━━━ Recorded data

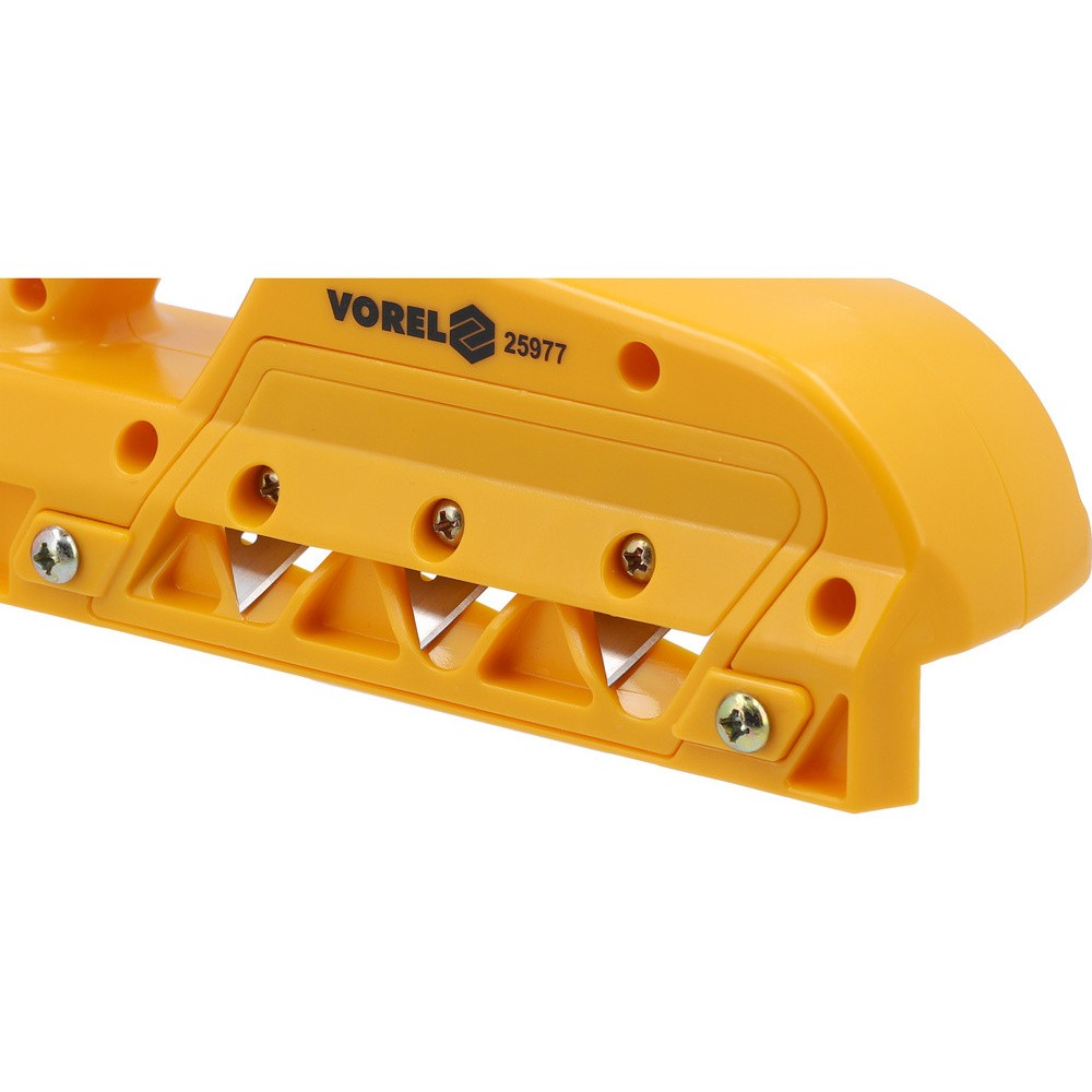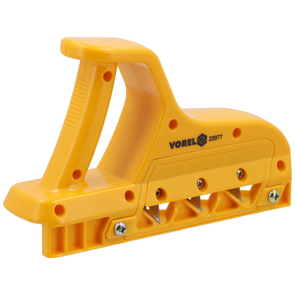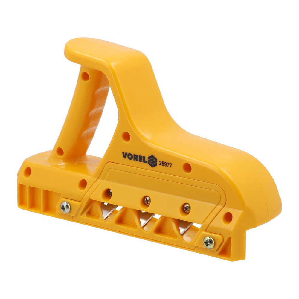Рубанок для зняття фасок по краях гіпсових плит. Оснащений 2 комплектами ножів з кутами 45° або 60°.
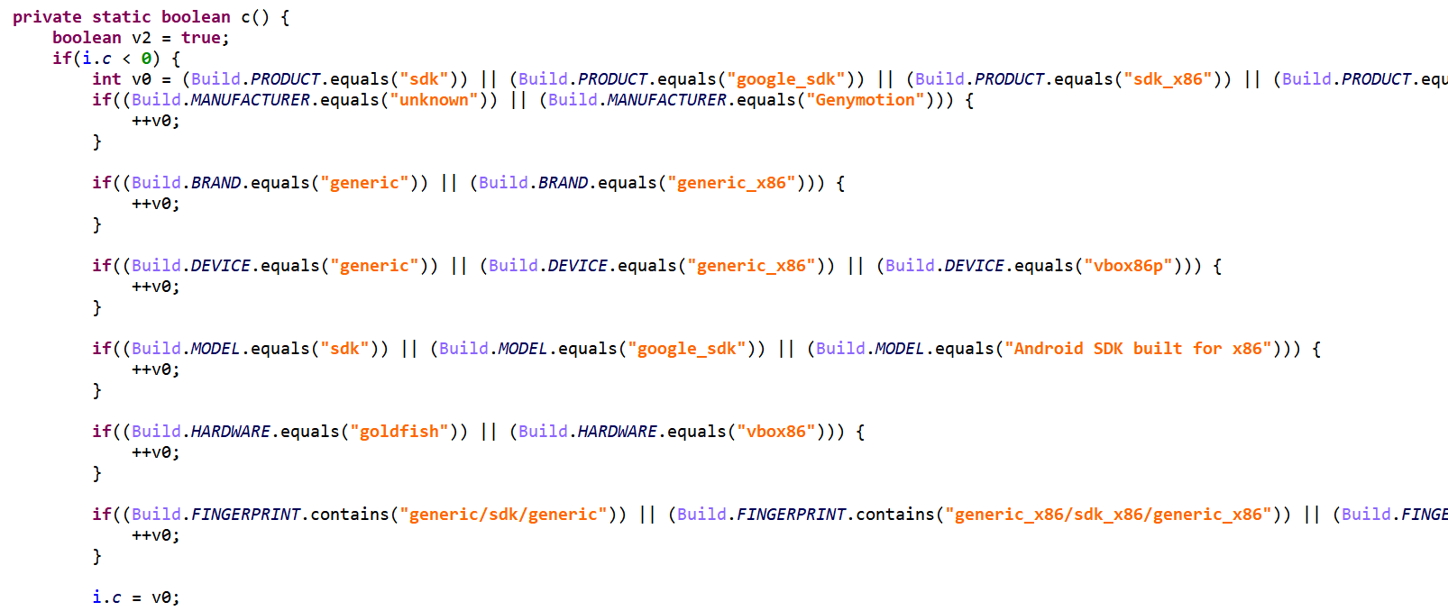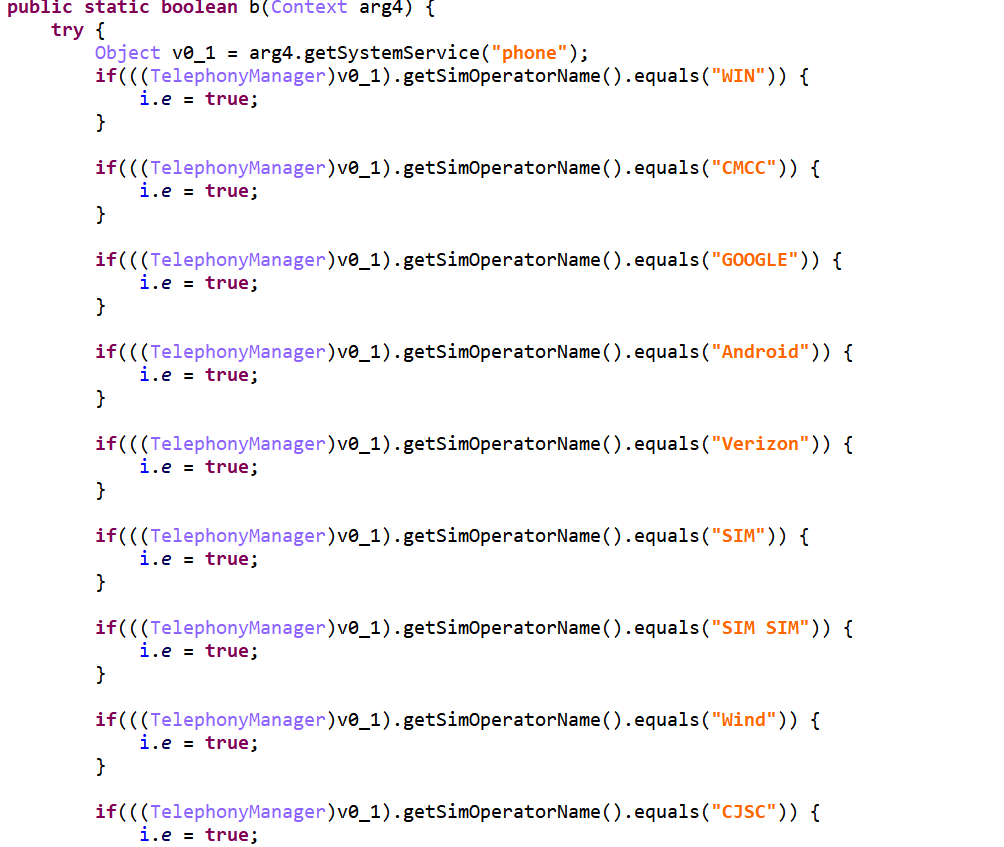 应用启动后便会检测用户设备SIM卡运营商以及国家码ISO,如果满足某些条件,恶意软件将停止运行:它避免在低收入国家、非洲国家、前苏联国家或以阿拉伯语为主的国家运行。它还避免了在没有SIM卡的设备上或在特定运营商发布的SIM上运行。其中排除在SIM卡运营商为“CMCC”(中国移动通信集团公司)的设备上运行。
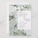 Ces invitations de mariage de 5 po x 7 po présentent un motif abstrait de feuilles dans des tons de sauge poussiéreux, d'algues et de brumeux avec des espaces réservés, "Avec leurs familles, veuillez vous joindre", les prénoms et prénoms de mariée et mariée, "pour leur mariage", date, heure, nom et adresse du mariage, "accueil à suivre".

━━━━━━

### Task description
Restating the data word for word is the task, and pictures are to be omitted.

### Response area
Рубанок для зняття фасок по краях гіпсових плит. Оснащений 2 комплектами ножів з кутами 45° або 60°.
 应用启动后便会检测用户设备SIM卡运营商以及国家码ISO,如果满足某些条件,恶意软件将停止运行:它避免在低收入国家、非洲国家、前苏联国家或以阿拉伯语为主的国家运行。它还避免了在没有SIM卡的设备上或在特定运营商发布的SIM上运行。其中排除在SIM卡运营商为“CMCC”(中国移动通信集团公司)的设备上运行。
 Ces invitations de mariage de 5 po x 7 po présentent un motif abstrait de feuilles dans des tons de sauge poussiéreux, d'algues et de brumeux avec des espaces réservés, "Avec leurs familles, veuillez vous joindre", les prénoms et prénoms de mariée et mariée, "pour leur mariage", date, heure, nom et adresse du mariage, "accueil à suivre".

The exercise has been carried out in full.